Olivia Chow wants to offer private landlords a break on development fees and a fast-track through the city's approval process in return for including affordable units in new apartment towers.

The financial incentives – a carrot she predicts would add as many as 15,000 new affordable units over four years – are part of a three-part housing strategy Ms. Chow released Friday outside Toronto City Hall, joined by supporters from the industry.

"People cannot find good rental housing because there is not enough rental housing being built," she told reporters. "We want to encourage developers to build units and make some affordable."

Under her proposal, developers who earmark as much as 20 per cent of units in new developments for affordable rents would have development fees deferred for a decade. Rental rates would be based on affordability standards from Canada Mortage and Housing Corp., she said.

Ms. Chow could not say how much the incentive would divert from the city's coffers. Toronto recently increased development charges, which remain low compared with other municipalities, in order to raise badly needed funds for infrastructure.

Ms. Chow's 15,000 target is optimistic. It's based on an estimate of 20 per cent of all multifamily development – both rental and condominiums – expected in Toronto over the next four years, a spokesman for her campaign said.

Numbers provided by the city, based on CMHC data, show that in the past six years the number of rental units completed in the city range from a low of 804 in 2011 to a high of 1, 985 in 2012. An average of 1,265 units have been completed in each of the past six years.

"There is no doubt that it is an aggressive target," said spokesman Jamey Heath. Experience in other cities such as New York has shown that with the right incentive, developers will switch to building rental units, he said.

In Toronto, multifamily housing starts continue to be dominated by condominium units and rental vacancy rates remain under 2 per cent, according to numbers from CMHC.
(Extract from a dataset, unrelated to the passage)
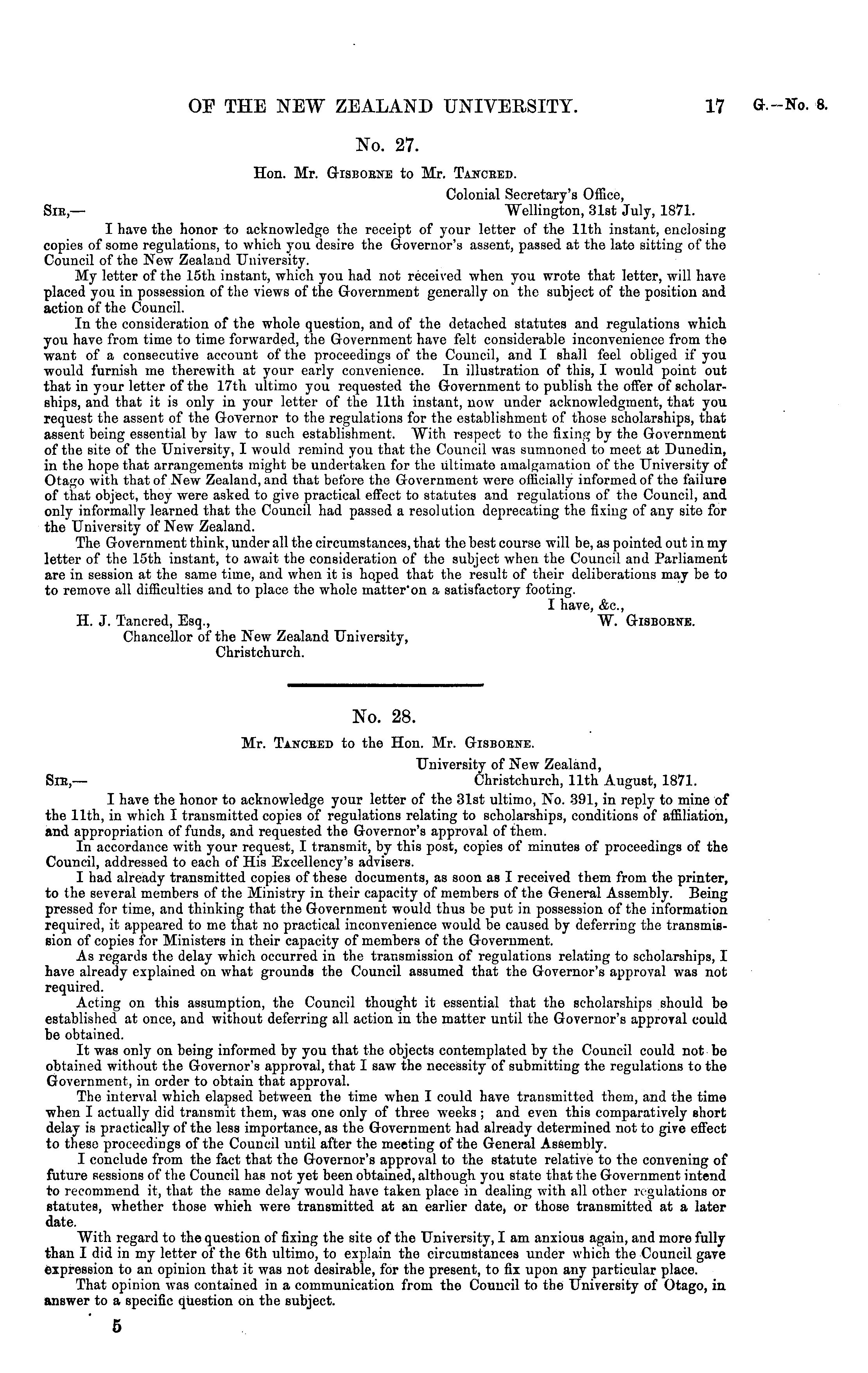 No. 27. Hon. Mr. Gisbobne to Mr. Tancbed. Colonial Secretary's Office, Sir,— Wellington, 31st July, 1871. I have the honor to acknowledge the receipt of your letter of the 11th instant, enclosing copies of some regulations, to which you desire the Governor's assent, passed at the late sitting of the Council of the New Zealand University. My letter of the 15th instant, which you had not received when you wrote that letter, will have placed you in possession of the views of the Government generally on the subject of the position and action of the Council. In the consideration of the whole question, and of the detached statutes and regulations which you have from time to time forwarded, the Government have felt considerable inconvenience from the want of a consecutive account of the proceedings of the Council, and I shall feel obliged if you would furnish me therewith at your early convenience. In illustration of this, I would point out that in your letter of the 17th ultimo you requested the Government to publish the offer of scholarships, and that it is only in your letter of the 11th instant, now under acknowledgment, that you request the assent of the Governor to the regulations for the establishment of those scholarships, that assent being essential by law to such establishment. AVith respect to the fixing by the Government of the site of the University, I would remind you that the Council was sumnoned to meet at Dunedin, in the hope that arrangements might be undertaken for the ultimate amalgamation of the University of Otago with that of New Zealand, and that before the Government were officially informed of the failure of that object, they were asked to give practical effect to statutes and regulations of the Council, and only informally learned that the Council had passed a resolution deprecating the fixing of any site for the University of New Zealand. The Government think, under all the circumstances, that the best course will be, as pointed out in my letter of the 15th instant, to await the consideration of the subject when the Council and Parliament are in session at the same time, and when it is ho.ped that the result of their deliberations may be to to remove all difficulties and to place the whole matter'on a satisfactory footing. I have, Ac, H. J. Tancred, Esq., W. Gisborne. Chancellor of the New Zealand University, Christchurch.

Howie Paskowitz of Medallion Corp. said his firm is building 186 affordable units in a northwest Toronto development, but would add more with the right incentives.

"If you don't find ways to encourage it with time and money, I don't think it is going to happen," he said.
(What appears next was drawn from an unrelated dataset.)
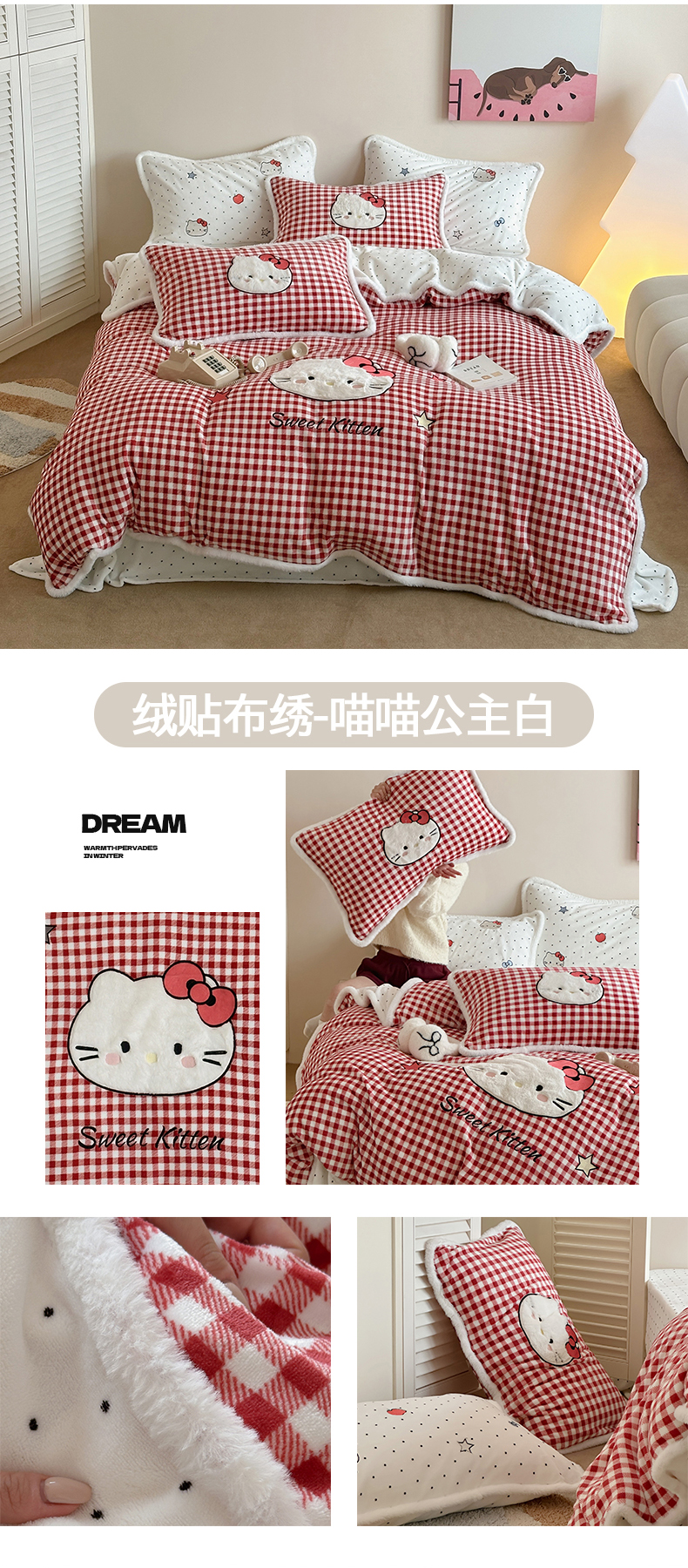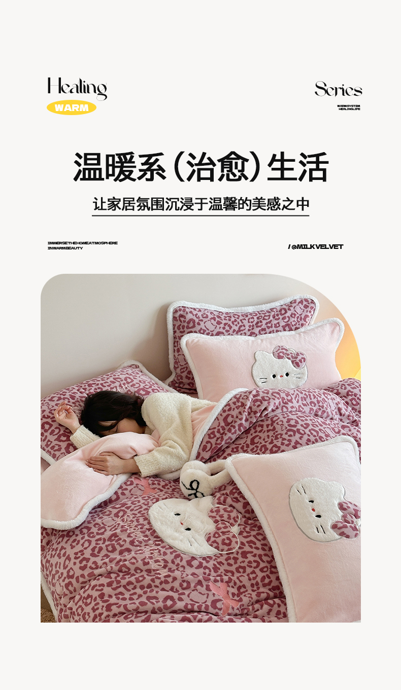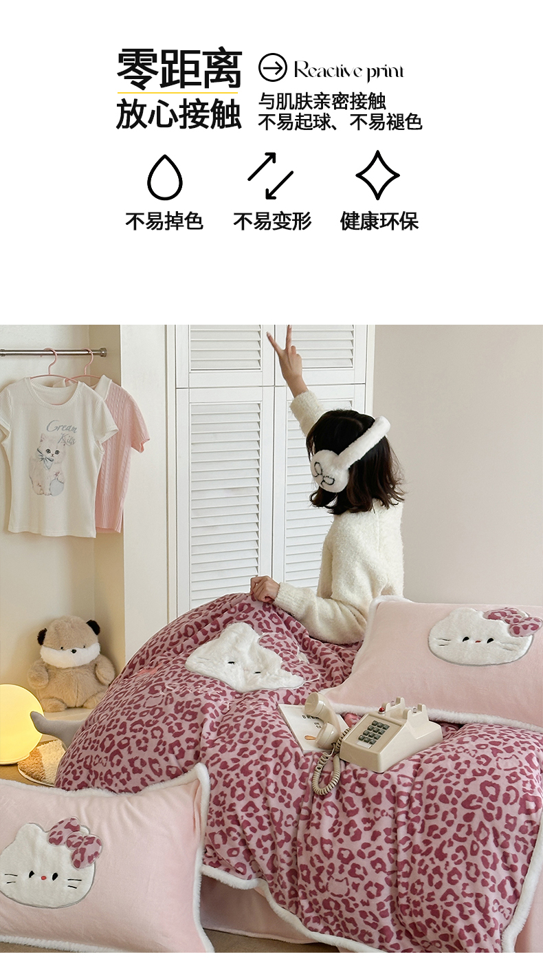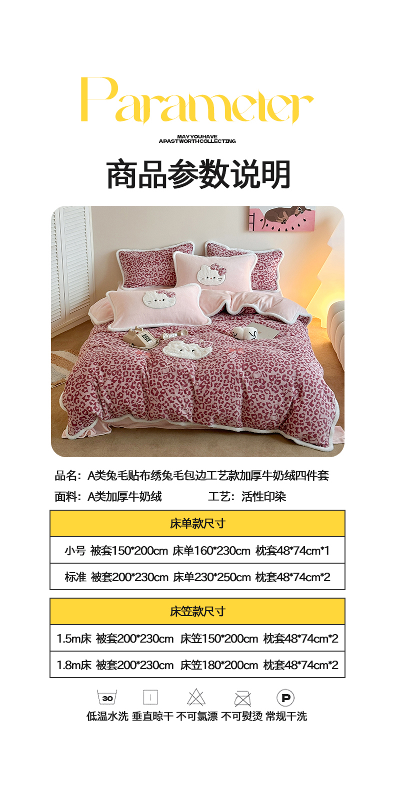 当前位置: 91家纺网 > 商品网购 > 床品套件 > 四件套 > 牛奶绒四件套 > 桃子家居 2026新款A类新年限定兔毛贴布绣猫咪可爱公主兔毛包边工艺款加厚牛奶绒四件套 绒贴布绣-豹纹喵喵粉

Ms. Chow offered no immediate fix for the problems facing Toronto's social housing agency, which is struggling to cope with a massive maintenance backlog and is trying to rebound from a scathing investigation into its promotion and hiring practices that saw the departure of several senior executives, including the CEO.

Asked about the poor state of repair in many buildings, Ms. Chow pointed to Regent Park as a model for redevelopment and said the federal and provincial governments need to come to the table.
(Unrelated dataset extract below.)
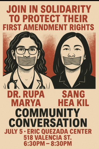 A panel about how Dr. Rupa Marya and Professor Sang Hea Kil were fired for speaking about the genocide happening in Gaza. This is a violation of their First Amendment rights.

Her policy announcement also included plans to ease zoning requirements around existing towers to encourage more intensification and commercial development.

She also proposed hiving off TCHC's seniors' buildings into a separate corporation. A smaller organization would be more responsive to residents' needs, she said. If this seniors' pilot project is successful, she left the door open to further dividing TCHC into smaller units, as some have suggested.